Mason was a practicing attorney-at-law who has served as a High Court judge in Saint Lucia and a Court of Appeal judge in Barbados, and was the first woman admitted to the bar in Barbados. She served as chair of the CARICOM commission to evaluate regional integration, was the first magistrate appointed an ambassador from Barbados, and was the first woman to serve on the country's Supreme Court. She was the first appointee from Barbados to the Commonwealth Secretariat Arbitral Tribunal. In 2017, she was appointed the 8th governor-general of Barbados, with a term beginning on 8 January 2018. Simultaneously with her appointment, Mason was awarded the Dame Grand Cross in the Order of Saint Michael and Saint George. On assumption of the office of Governor-General, she became the Chancellor of the Order of National Heroes, Order of Barbados and the Order of Freedom. [1] [2]
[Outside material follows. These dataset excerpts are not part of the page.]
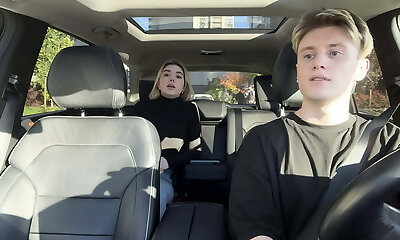 超级可爱的娃娃显示她的baps后吸入一个韦纳在一辆面包车
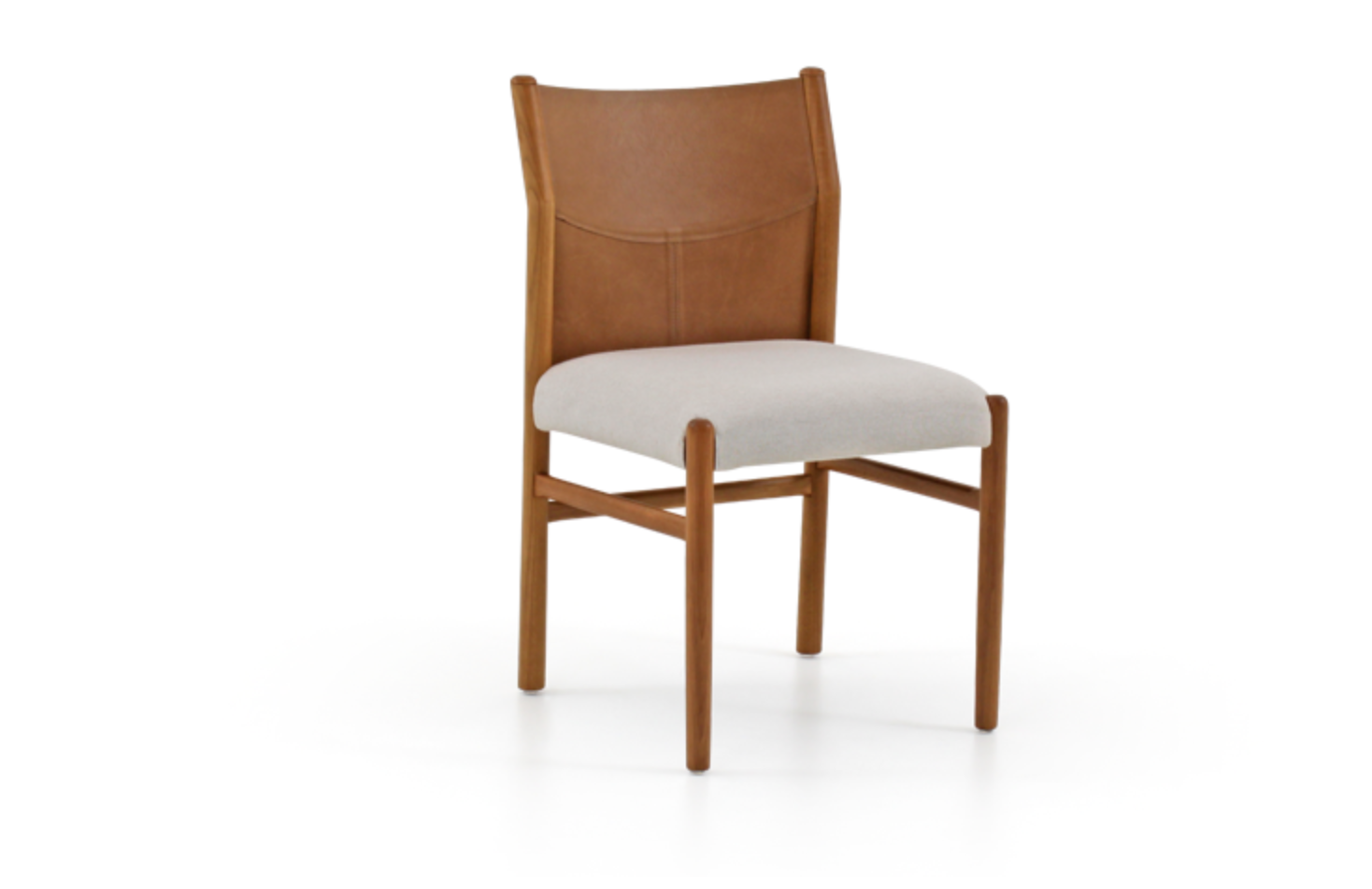 CADEIRA FENDI- Estrutura em madeira, assento em estofado e encosto em couro natural.
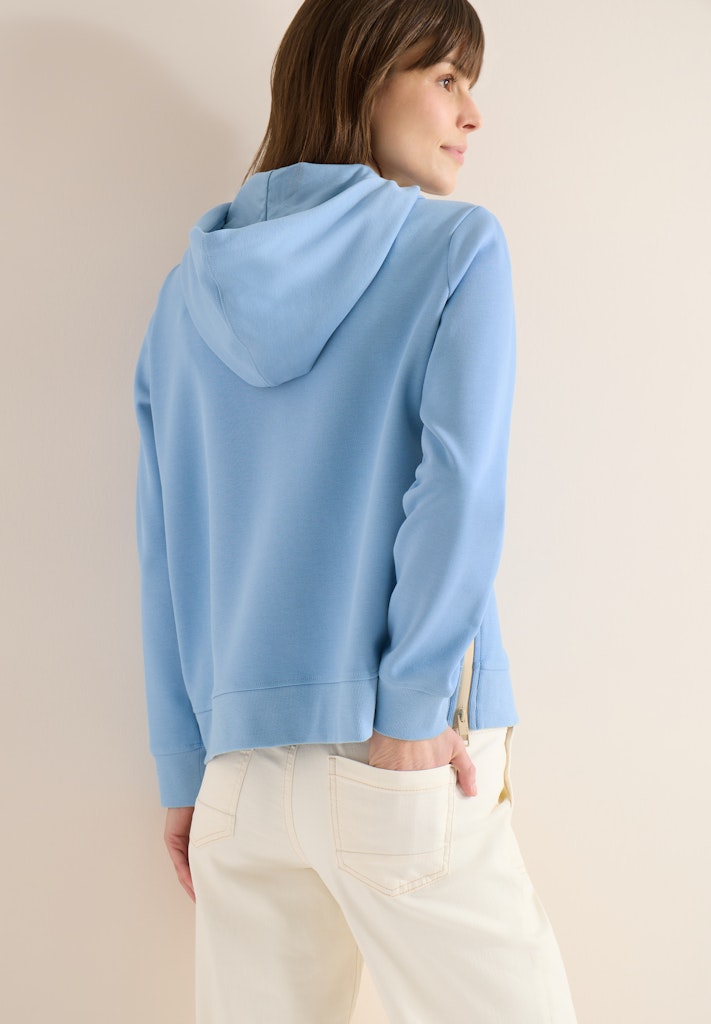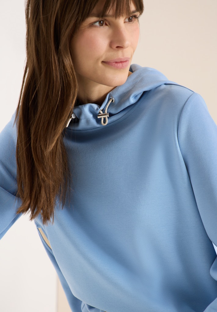 Sportlich und modern zeigt sich dieser Hoodie von CECIL mit Kapuze, Tunnelzug und seitlichen Zipper-Details. Die Unifarbe sorgt für vielseitige Kombinationsmöglichkeiten, während der bequeme Schnitt ihn zum idealen Begleiter im Alltag macht. Perfekt für deinen lässigen Casual-Look. Sweatshirt Casual Kapuze Langarm Lässig und sportiv Material: 49% Polyester, 45% Baumwolle, 6% Elasthan

Sandra Prunella Mason was born on 17 January 1949 [3] in Saint Philip, Barbados. [4] After studying at St. Catherine's Primary School until age nine, she attended secondary school at Queen's College, [5] then began teaching at the Princess Margaret Secondary School in 1968. [6] The following year, she worked at Barclays Bank as a clerk. Mason enrolled in the University of the West Indies at Cave Hill, where she earned a Bachelor of Laws. [3] Mason was one of the first graduates of the Faculty of Law from UWI, Cave Hill, completing her education in 1973.
In 1975, she obtained a Legal Education Certificate from Hugh Wooding Law School in Trinidad and Tobago, becoming the first woman attorney-at-law from Barbados to graduate from the school. [5] She was admitted to the bar on 10 November the same year, [7] becoming the first woman member of the Barbados Bar Association. [3] She is a Soroptimist and Patron of SI Barbados. [8]
Beginning in 1975, she worked in Trust Administration for Barclay's and transferred to several different posts within the Barclay's company until 1977.
In 1978, Mason began working as the Magistrate of the Juvenile and Family Court and simultaneously tutoring in family law at UWI. She stopped tutoring in 1983 and continued working as a magistrate. In 1988, Mason completed the Royal Institute of Public Administration in London's course on Judicial Administration. [3] She served on the UN Committee on the Rights of the Child from its 1991 inception until 1999, holding the vice chair from 1993 to 1995 and chair from 1997 to 1999. [9]
Between 1991 and 1992, Mason served as chair [3] and was one of the two women appointed to the 13-member CARICOM commission charged with evaluating regional integration. [4] She left the family court in 1992 [3] to serve as an ambassador to Venezuela, and was the first woman magistrate from Barbados to serve in that position. Between 1993 and 1994 she also served as ambassador to Chile, Colombia and Brazil. [5] Upon her return to Barbados [7] in 1994, Mason was appointed Chief Magistrate for Barbados, and in 1997 became the Registrar of the Supreme Court. [10]
In 2000, Mason completed studies on Alternative Dispute Resolution at the University of Windsor in Windsor, Ontario, Canada, and then completed a Fellowship with the Commonwealth Judicial Education Institute in Halifax, Nova Scotia, in 2001, as well as a course in Advanced Dispute Resolution at UWI. [3] She continued to serve as Registrar of the Supreme Court until 2005, when she was appointed as Queen's Counsel to the Inner Bar of Barbados. [3] In 2008, Mason was sworn in as an Appeals Judge [10] becoming the first woman to serve on the Barbados Court of Appeals. [3] For three days in 2012, she became the acting Governor-General of Barbados [11] and the following year was the first Barbadian appointed to membership in the Commonwealth Secretariat Arbitral Tribunal (CSAT). The Tribunal operates among members of the Commonwealth of Nations to resolve issues concerning contract disputes. [4] With that appointment, Loop News named her one of the 10 most powerful women in Barbados. [12]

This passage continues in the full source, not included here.